Published by the Students of Johns Hopkins since 1896
November 26, 2024

Microaggressions have lasting consequences

By KAYLEE ZOU | February 23, 2017

It is a couple of weeks into my first semester at Hopkins when, out of the blue, somebody says to me, “Your eyes are so small.”

Before I even have the chance to react, the topic changes and we’re talking about something else. Just like that, the moment passes. The conversation moves on. They move on. And I am supposed to move on too.

But it just doesn’t work like that. It can’t work like that.

It was stated to me like a fact, as if commenting on my eyes is the same as commenting on the color of my shirt or the brand of my shoes. There was no malicious intent, just a casual observation.

Both of my parents are first generation immigrants from China. I am of full Chinese ethnicity. My eyes are probably smaller than the average Caucasian, I thought. I told myself that I was not allowed to be sad over something that was not meant to hurt me in the first place.

But somehow, that innocuous comment about my eyes being small stuck with me.

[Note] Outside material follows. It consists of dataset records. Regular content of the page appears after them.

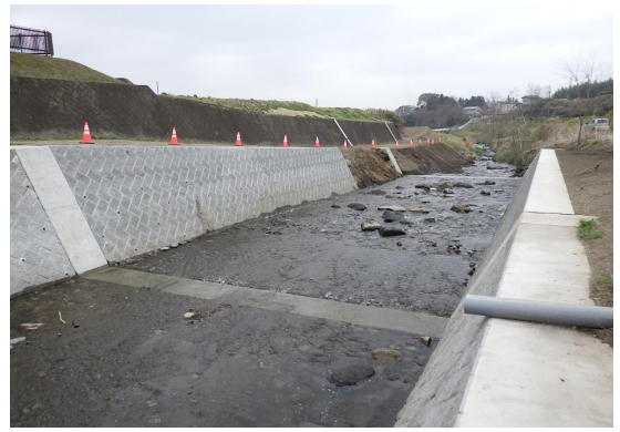
■前橋土木事務所長表彰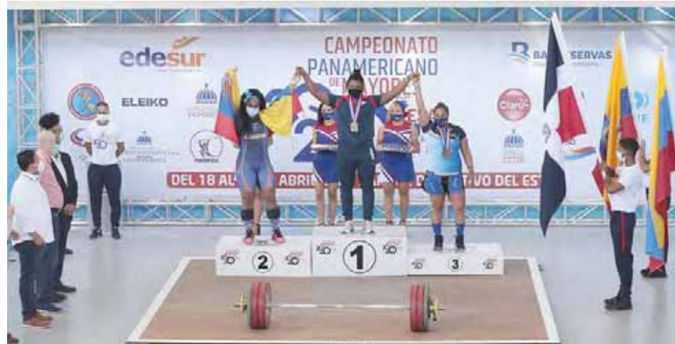
Venezuela se montó en el podio varias veces

“Me siento muy contenta con el resultado. En el arranque siempre me había mantenido entre 105 y 106 kilos, y aquí pude hacer 109, y en el envión, aunque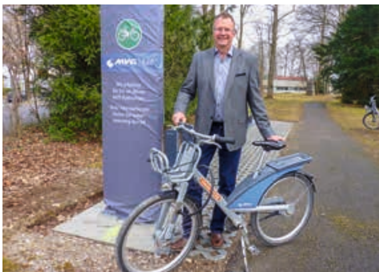
Erster Bürgermeister Christian Kuchlbauer an der MVG-Mietradstation am Schloss.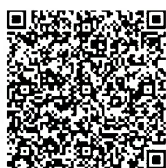
電子申請フォーム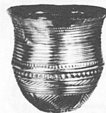
Goldbecher aus Eschenz TG Um 1700 v. Chr.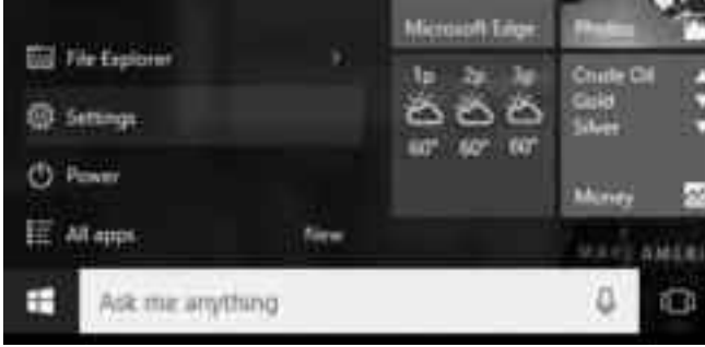
সেটিং অ্যাপস উইন্ডো

I was a sophomore in high school the first time I seriously considered getting eyelid surgery to make my eyes look bigger. Rates of this surgery were and continue to be on the rise. My mom even told me she would pay for it if I really wanted to go through with it. I decided then that the summer before college would be the perfect time to go through with it. I could go through the bloating and healing process at home, and maybe nobody would ever find out. I could enter college with brand new, bigger eyes and start anew.

There was nobody specifically in my life at the time who was pushing me to believe that I needed to have bigger eyes, but I desired it intensely. When I was 15, I used to take a toothpick and trace over the crease of my eyelid everyday for a few months, thinking that it would deepen the fold and make my eyes appear larger.

Nobody explicitly ever said to me that I needed to have bigger eyes in order to be more attractive or more desired, but nobody ever needs to explicitly say that for Asian Americans and Asians all over the world to feel the pressure to have more Caucasian features. We absorb that pressure every single day through our casual interactions.

Growing up as an Asian American, I never saw anybody in the media that looked like me. Even the very few Asian newscasters did not look like me. Many of them had been pressured in the early years of their career to get the eyelid surgery in order to have more screen time.

Newscaster Julie Chen disclosed a few years ago that she was told by a former employer, “Because of your heritage, because of your Asian eyes, I’ve noticed that when you’re on camera — when you’re interviewing someone — you look disinterested and bored because your eyes are so heavy. They are so small.”

To be honest, I did not end up going through with the surgery simply because I had forgotten about the idea of it, not because I had come to some moment of empowerment and acquirement of self worth.

When somebody says to me, “Your eyes are so small,” it throws me back in time and I feel like a sophomore in high school again.

Even if it is not meant to be racist or harmful, these kinds of racial microaggressions passed off as nonchalant, harmless comments stick with people. The generations of oppression that Asian Americans have faced do not become forgotten just because time has passed. Even if it was not intended to be insulting, the pain that the decades of Asian Americans who were explicitly berated for having small eyes remains.

These microaggressions occur everyday without people noticing. These small, seemingly inoffensive comments perpetuate the marginalization of Asians in a way that is difficult to refute.

What does one even say to a friend who was just arbitrarily commenting on the size of one’s eyes? It may not be open bigotry, but it is a subtle form of marginalization nonetheless, which is almost more dangerous because people can so easily brush it under the table.

But what you say to other people always matters, especially when you could be potentially perpetuating the racial marginalization that has existed - for centuries.

Kaylee Zou is a freshman Writing Seminars and computer science double major from Boyds, Md.